THE PROBLEM → Beneath this instruction is a listing; print exactly the lines in it starting at the line that contains "Siebenschläfer im Nistkasten." and going through the line that contains "Krysáci přitáhli pozornost především dětí.".

PROVIDED RECORDS →
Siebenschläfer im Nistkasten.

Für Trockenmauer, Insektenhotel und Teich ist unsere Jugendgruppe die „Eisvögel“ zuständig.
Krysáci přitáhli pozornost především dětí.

---

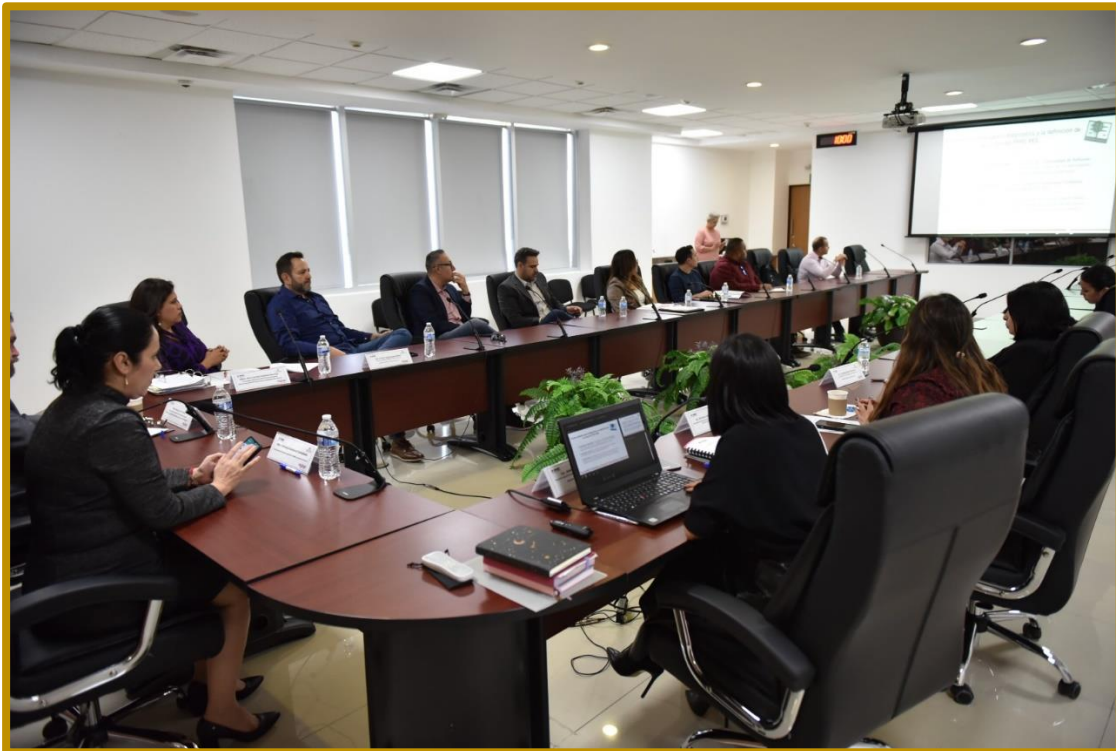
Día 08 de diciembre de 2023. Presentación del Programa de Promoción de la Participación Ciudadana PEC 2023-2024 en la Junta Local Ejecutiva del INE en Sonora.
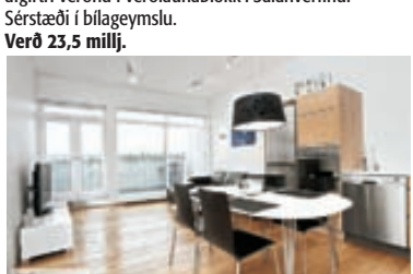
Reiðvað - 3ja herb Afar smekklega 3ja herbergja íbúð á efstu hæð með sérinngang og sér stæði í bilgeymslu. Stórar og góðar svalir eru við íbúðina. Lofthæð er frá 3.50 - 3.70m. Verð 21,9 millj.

SOLUTION TO THIS PROBLEM →
Siebenschläfer im Nistkasten.

Für Trockenmauer, Insektenhotel und Teich ist unsere Jugendgruppe die „Eisvögel“ zuständig.
Krysáci přitáhli pozornost především dětí.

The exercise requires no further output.